2012年がクリムト生誕150周年記念の年で、クリムトに関係する場所では多くの特別展示がありました。
日本でも年々クリムトファン、もしくはクリムトはどんな絵を描いたのか興味を持つ方が増えていることを実感します。
クリムトと言えば真っ先にベルヴェデーレ宮殿の上宮でしょう。
ここにはクリムトの代表作である接吻を始め、肖像画、風景画が多く見られます。
ベルヴェデーレ宮殿と言えば、観光では写真ストップが当たり前で、入場することはそう多くはありませんでしたが、2012年以降からは頻繁に入場観光するようになって、きつい観光時間でも"接吻"だけは見るということが多くなっています。
そんなクリムトの今年2018年は没後100年であり、それに合わせた特別企画として美術史博物館のクリムトを2回にわたって話題にしたいと思います。
美術史博物館はヨーロッパ3大美術館にも数えられ、絵画史上とても重要な作品が多く見られます。
ハプスブルグ家が所有していたそれぞれの地域での円熟した作品だけを収集したので、いい意味で他の美術館とは全く違ったカラーとなっています。
ここは絵画に興味がない方でも行く価値大です。
素晴らしい絵画を展示するためには、それなりの空間が必要というコンセプトから当時考えられる最高の素材や建築家、芸術家を迎えて建築され、1891年には一般公開されています。
この美術館は14世紀~18世紀、つまりゴシック~ルネッサンス~バロックの絵画を発展しててきた流れの重要所が集まっているわけです。
クリムトはもっと新しい時代ですから彼の作品がここにあるわけではありません。
彼は工房でこの美術史博物館の内装に携さわり、中央大階段ホールのアーチの壁画を手掛けています。

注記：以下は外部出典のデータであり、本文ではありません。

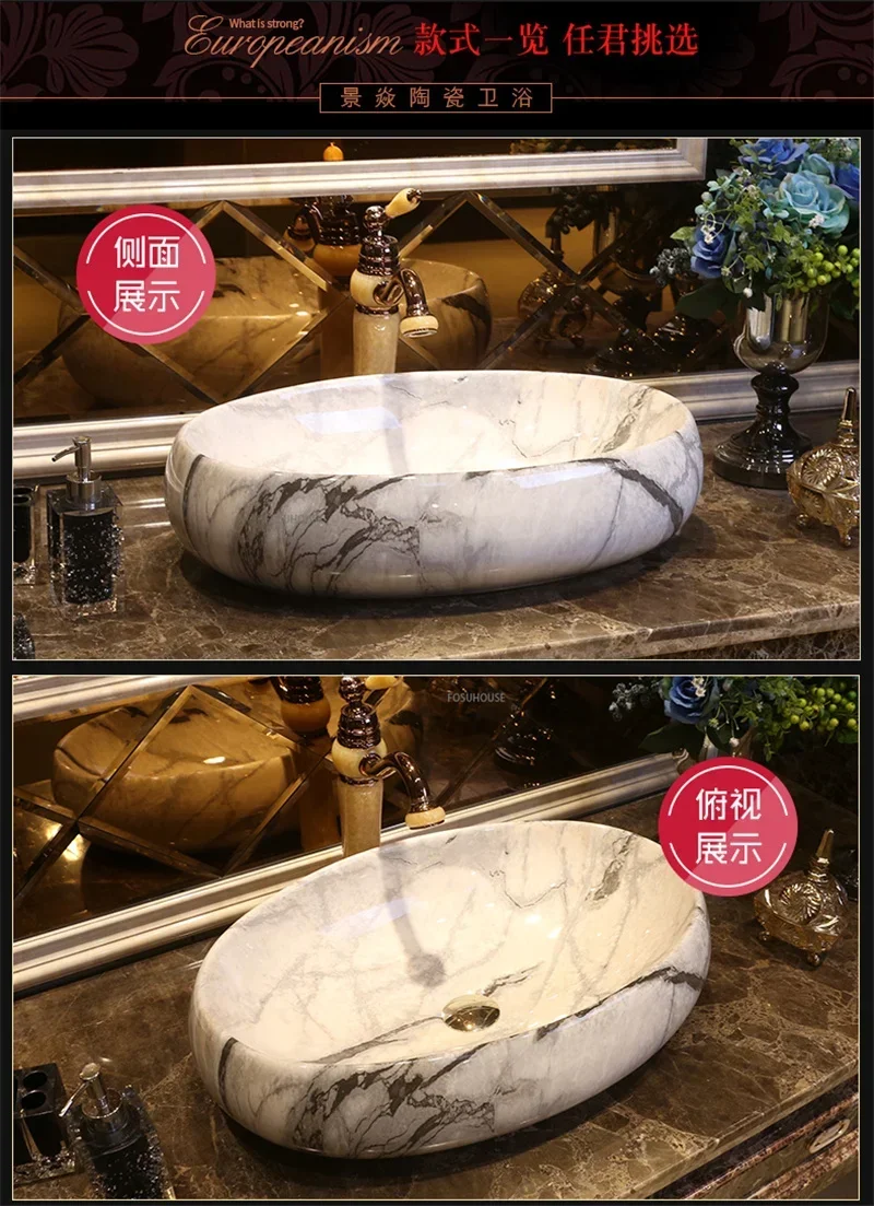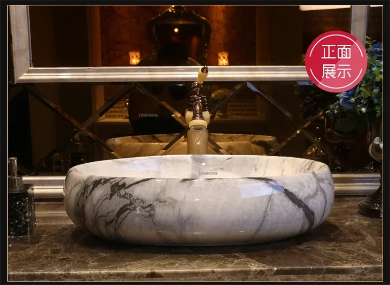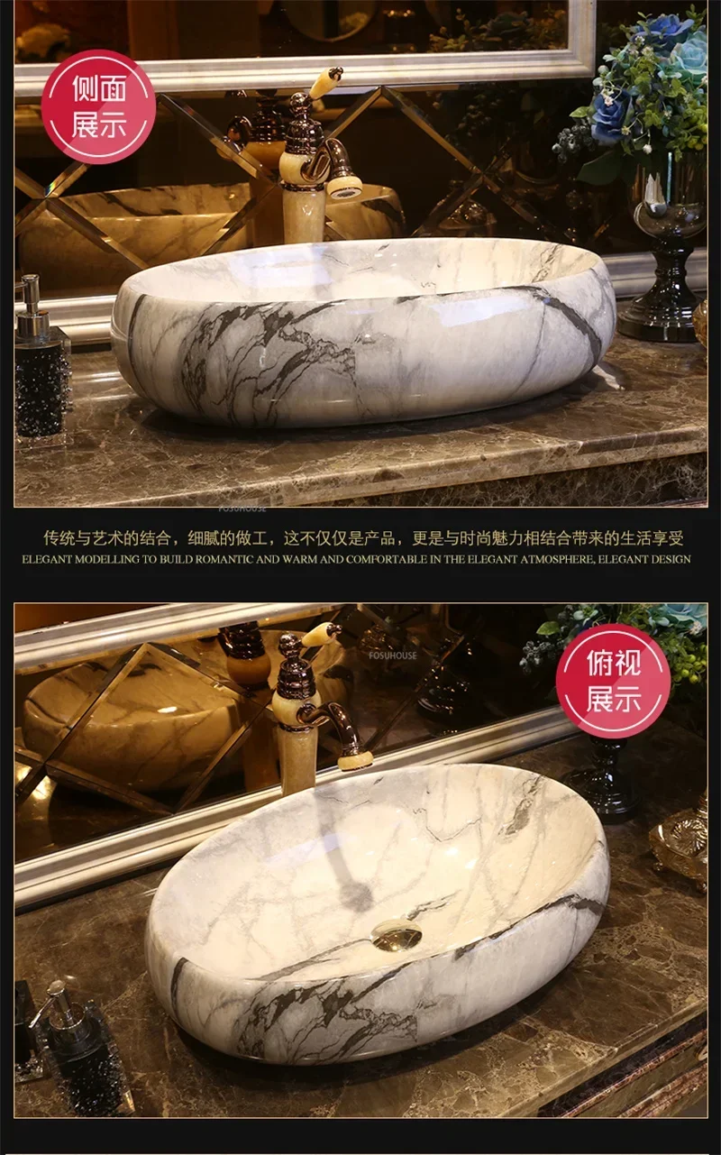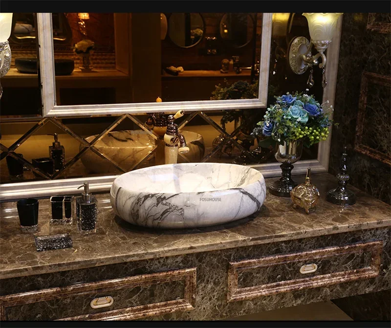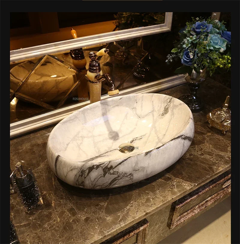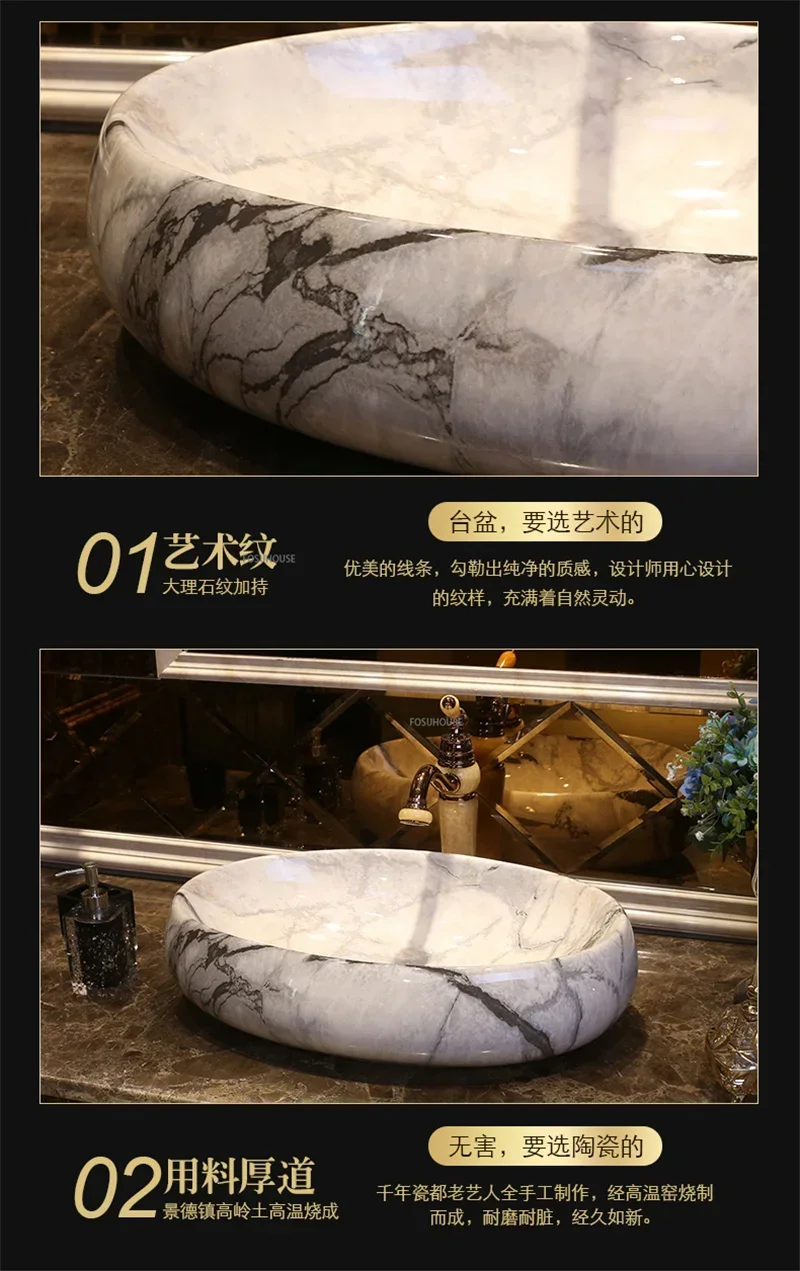 Nordic Marbling อ่างล้างหน้าเฟอร์นิเจอร์ห้องน้ําเซรามิครูปไข่อ่างล้างหน้าห้องน้ําอ่างล้างจานชามอ่างล้างหน้าอ่างล้างหน้าอ่างล้างจานชาม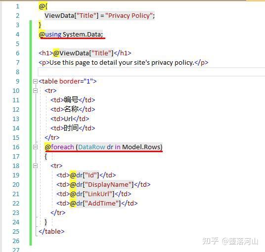 (2).然后在视图页面Privacy.cshtml中,修改代码,因为Action 返回的是dt,所以在视图页中,循环遍历一个DataTable,遍历时要用到DataRow,那么在页面的最前端要引入System.Data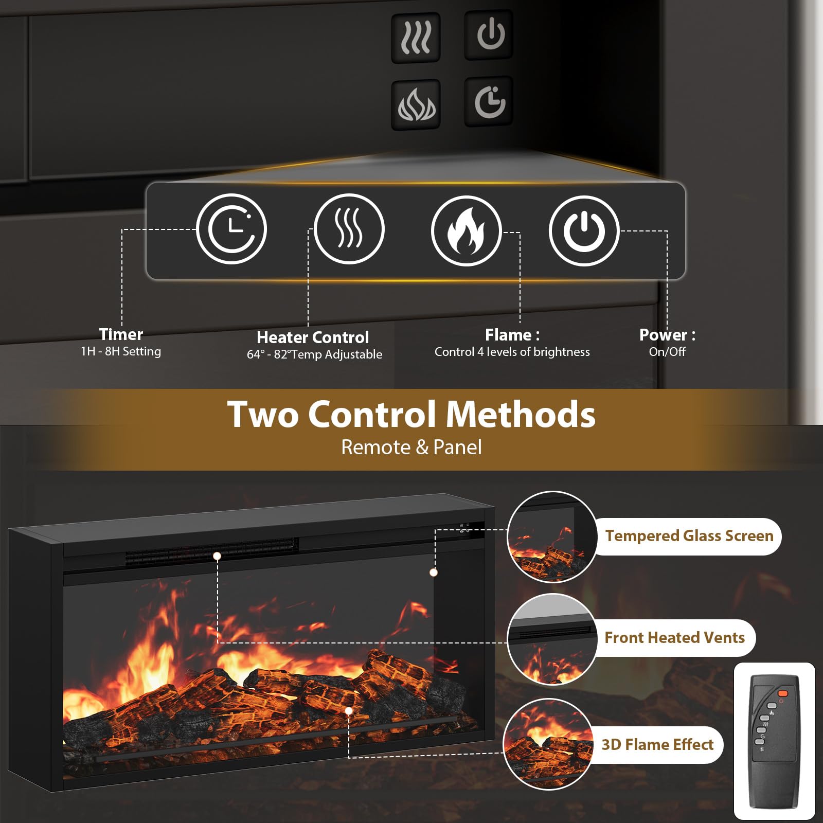 - 30" electric fireplace insert with realistic flame effects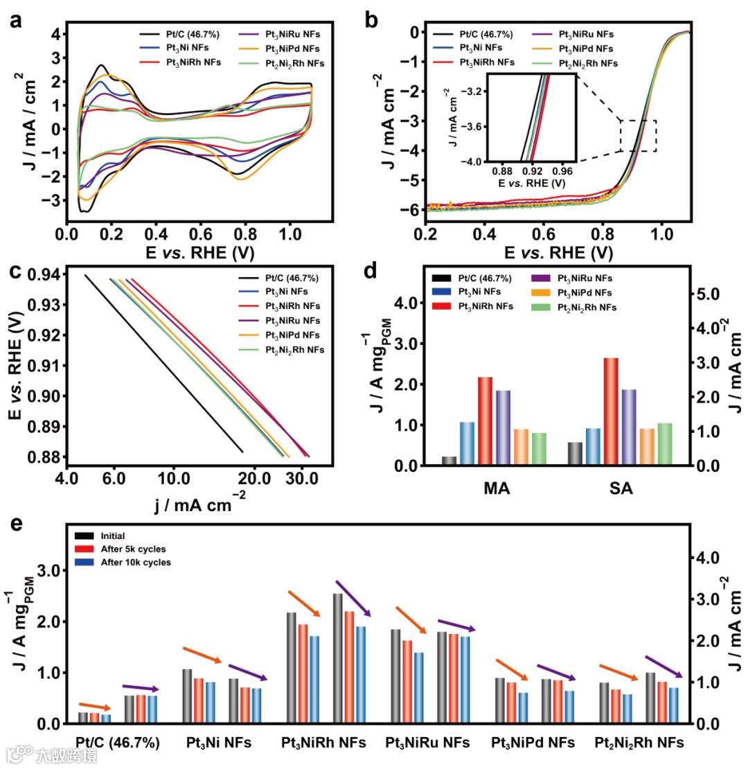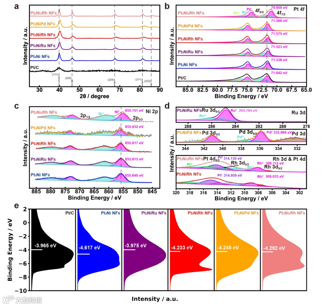 XPS分析结果表明Rh,Ru,Pd的添加引起了Pt,Ni,Rh/Ru/Pd之间的相互作用。例如,Pt3NiRh和Pt3NiPd NFs金属态的Pt 4f7/2以及Ni 2p3/2 峰相对于Pt3Ni的正向移动意味着电子从Pt,Ni到Rh,Pd的转移。而在Pt3NiRu NFs中,电子则从Ru转移到Pt和Ni。此外,催化剂中Pt0与M(Rh0,Ru0,Pd0)原子含量的百分比存在反相关关系。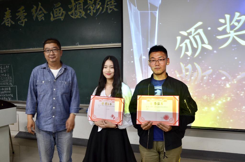 活动最后,综合了微信投票结果和评委们的评审结果,齐哲浩同学荣获一等奖和最佳人气奖,苟舒娴和宋荣欣同学荣获二等奖,王志勇、朱晗瑶、庞奕萱同学荣获三等奖。王志勇同学凭借他极富想象力的创作获得了最佳创意奖。武普照老师、张建勇老师、王正一老师分别为获得一、二、三等奖的选手颁奖。学生会新媒体中心主任郑昊晨、第一届绘画摄影展最佳创意奖得主刘畅分别为获得最佳人气奖和最佳创意奖的同学颁奖。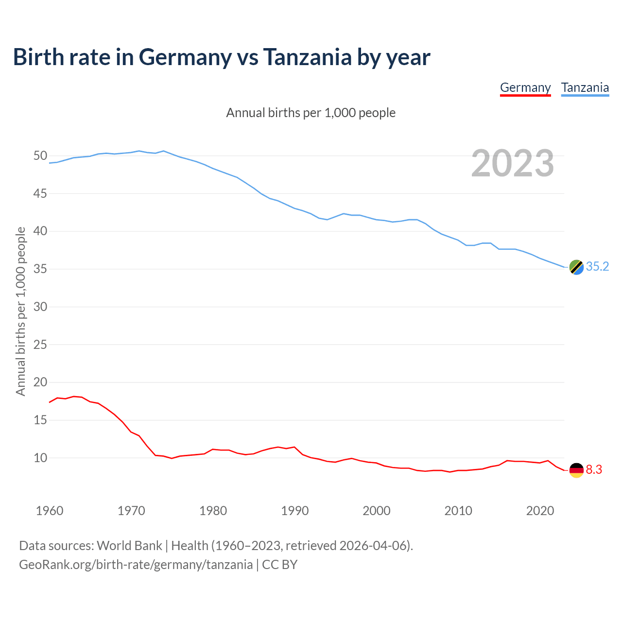 GeoRank.org/birth-rate/germany/tanzania | CC BY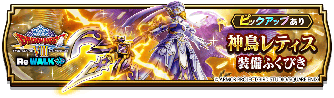 神鳥レティス装備ふくびきでは、新スキル「ホーリーラッシュ」を習得できる★5ぶき「神鳥の翼斧」がラインアップされている。

美術史博物館ではこの壁画を近くで見てもらおうと、特設の足場を設けて、クリムトの壁画を目の前で見られるようになっています。
実はこの企画は2012年に最初に行われ、大好評で連日多くの人が訪れましたが、あれから6年経った今年も登場しました。
美術史博物館に大階段ホールを上ると、素晴らしい天井画が目に飛び込んできます。
この正方形空間の後ろ側に足場が組まれていることがすぐわかります。
実際は足場の下を通って階段を上ることになります。
こんな感じで足場が組まれていて、クリムトが描いた壁画をかなり近くから鑑賞できるようになっています。
写真では見られませんが、足場中央奥に特設階段があり、そこからこのスペースに来られます。
この場所は自由に動き回れますが、ここに上がる特設階段は一方通行となっていますので、
写真では向かって左側から上って、右側へ降りて行くという感じです。
こちらは"ローマとヴェネツィアのクワトロチェント"です。
この壁面を正面から見て、一番左側です。
描かれている女性がエクレシアです。
Ecclesia(エクレシア)は、古代ギリシャでは人々の集まりという意味で使われ、そこから転じて信者の集まりを意味し、中世の頃には教会やキリスト教を象徴します。彼女は十字架を持っています。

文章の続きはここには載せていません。